About this exercise: Output exactly, in the material below, the lines from the one with "理科では、花粉の観察を行いま" through the one with "Henry Paul and". Omit all pictures.

Given entries:
•••••
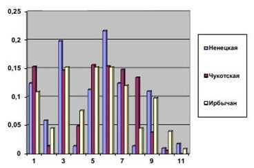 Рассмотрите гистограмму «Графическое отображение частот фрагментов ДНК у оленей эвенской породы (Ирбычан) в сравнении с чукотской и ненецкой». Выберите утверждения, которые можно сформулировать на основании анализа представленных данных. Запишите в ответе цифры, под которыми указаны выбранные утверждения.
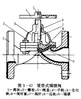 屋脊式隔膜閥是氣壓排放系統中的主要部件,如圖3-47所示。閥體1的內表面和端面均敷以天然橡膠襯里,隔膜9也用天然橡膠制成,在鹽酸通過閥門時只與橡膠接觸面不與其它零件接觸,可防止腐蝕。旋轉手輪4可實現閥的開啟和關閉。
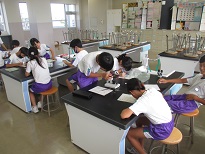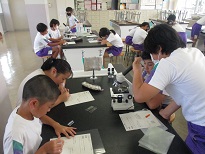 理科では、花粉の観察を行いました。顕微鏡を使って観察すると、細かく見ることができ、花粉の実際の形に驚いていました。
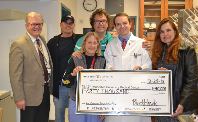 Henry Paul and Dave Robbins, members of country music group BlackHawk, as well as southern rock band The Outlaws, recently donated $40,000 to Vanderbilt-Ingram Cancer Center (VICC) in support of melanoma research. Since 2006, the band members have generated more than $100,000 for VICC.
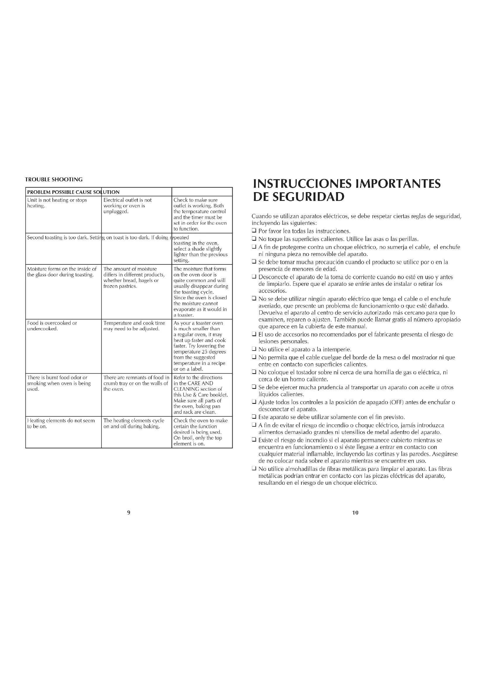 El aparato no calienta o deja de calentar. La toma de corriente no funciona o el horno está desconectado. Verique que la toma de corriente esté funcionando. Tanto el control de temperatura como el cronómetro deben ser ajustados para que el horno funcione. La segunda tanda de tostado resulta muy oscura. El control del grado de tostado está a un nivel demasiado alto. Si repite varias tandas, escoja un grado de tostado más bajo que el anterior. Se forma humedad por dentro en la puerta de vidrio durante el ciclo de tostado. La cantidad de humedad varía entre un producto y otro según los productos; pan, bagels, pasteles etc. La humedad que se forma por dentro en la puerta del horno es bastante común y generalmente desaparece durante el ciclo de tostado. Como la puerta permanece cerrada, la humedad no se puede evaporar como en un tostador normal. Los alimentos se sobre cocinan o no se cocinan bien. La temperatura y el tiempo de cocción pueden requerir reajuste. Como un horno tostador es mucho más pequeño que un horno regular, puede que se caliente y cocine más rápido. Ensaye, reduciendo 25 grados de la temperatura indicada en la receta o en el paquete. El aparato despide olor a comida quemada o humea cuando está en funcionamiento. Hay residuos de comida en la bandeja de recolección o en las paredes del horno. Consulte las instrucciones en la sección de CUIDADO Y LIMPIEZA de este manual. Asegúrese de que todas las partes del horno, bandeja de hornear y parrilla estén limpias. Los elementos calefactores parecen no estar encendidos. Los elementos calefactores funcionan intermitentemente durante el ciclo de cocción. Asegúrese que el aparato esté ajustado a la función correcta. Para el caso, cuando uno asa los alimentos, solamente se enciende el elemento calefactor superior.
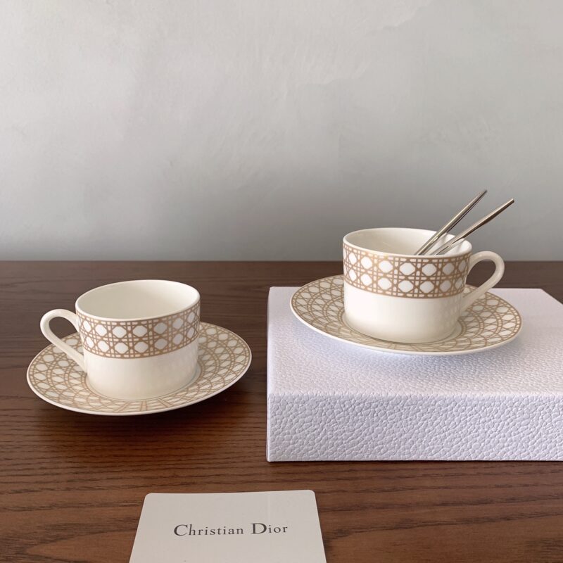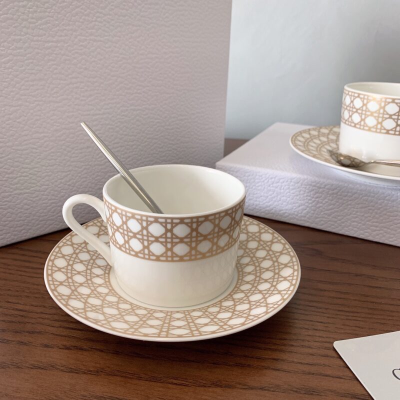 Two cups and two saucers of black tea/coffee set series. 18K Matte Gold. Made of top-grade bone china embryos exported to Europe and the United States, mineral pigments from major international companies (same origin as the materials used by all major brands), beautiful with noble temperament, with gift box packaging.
•••••
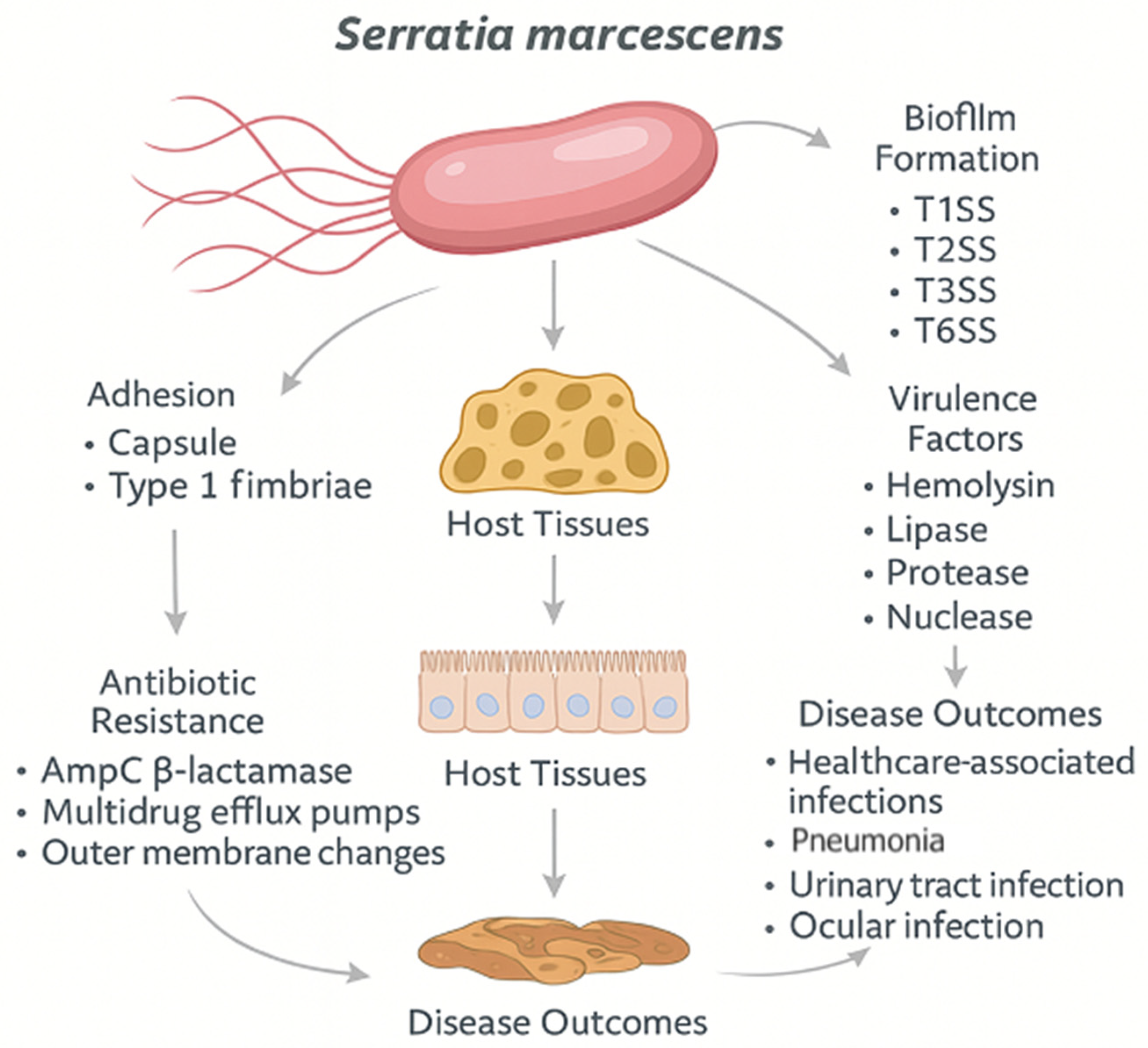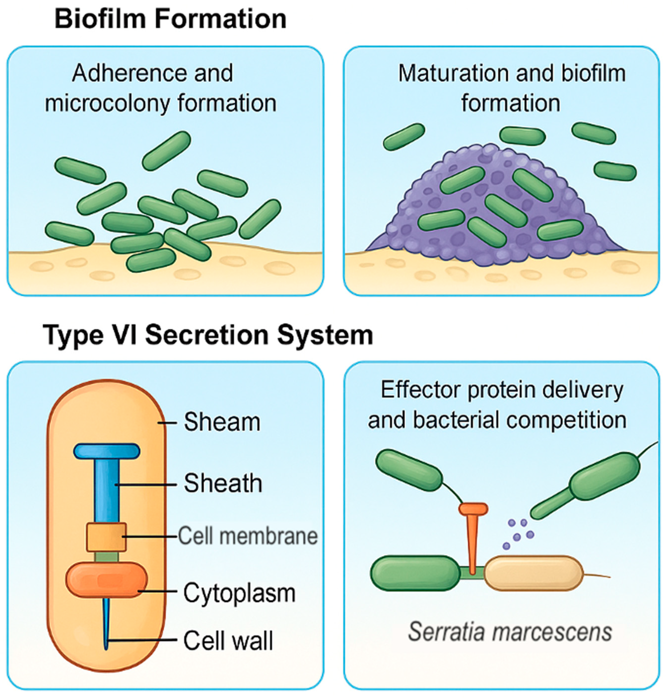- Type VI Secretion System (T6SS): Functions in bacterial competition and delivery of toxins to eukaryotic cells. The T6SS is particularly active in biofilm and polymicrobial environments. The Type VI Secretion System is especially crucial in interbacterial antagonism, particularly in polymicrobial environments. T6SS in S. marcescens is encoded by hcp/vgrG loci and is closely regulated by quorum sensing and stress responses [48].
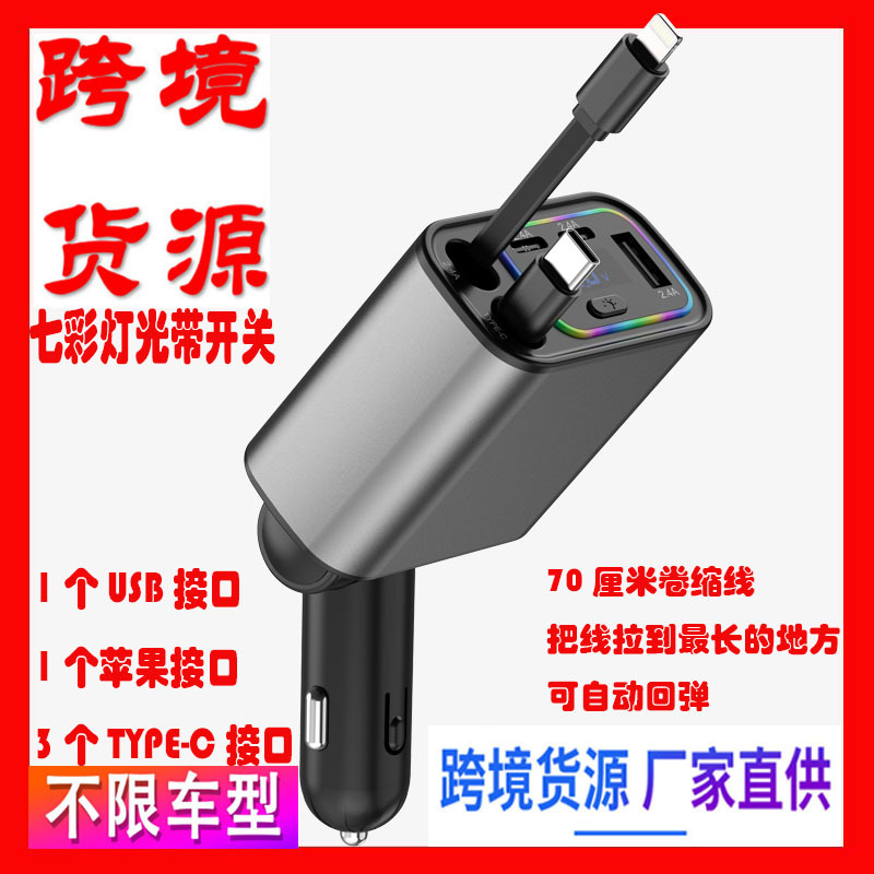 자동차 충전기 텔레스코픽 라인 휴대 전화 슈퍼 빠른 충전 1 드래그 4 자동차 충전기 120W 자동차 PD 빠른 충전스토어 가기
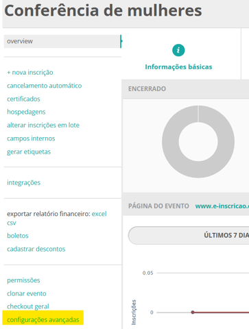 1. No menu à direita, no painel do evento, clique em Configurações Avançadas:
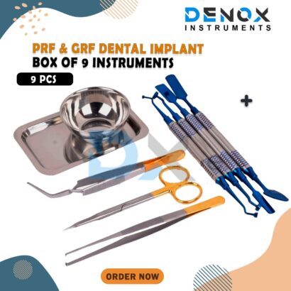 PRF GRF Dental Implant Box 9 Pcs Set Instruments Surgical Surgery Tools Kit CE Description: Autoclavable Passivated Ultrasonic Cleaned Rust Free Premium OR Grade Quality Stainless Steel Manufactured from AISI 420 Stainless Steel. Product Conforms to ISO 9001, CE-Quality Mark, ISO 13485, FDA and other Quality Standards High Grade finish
•••••
Solved problem:
 理科では、花粉の観察を行いました。顕微鏡を使って観察すると、細かく見ることができ、花粉の実際の形に驚いていました。
 Henry Paul and Dave Robbins, members of country music group BlackHawk, as well as southern rock band The Outlaws, recently donated $40,000 to Vanderbilt-Ingram Cancer Center (VICC) in support of melanoma research. Since 2006, the band members have generated more than $100,000 for VICC.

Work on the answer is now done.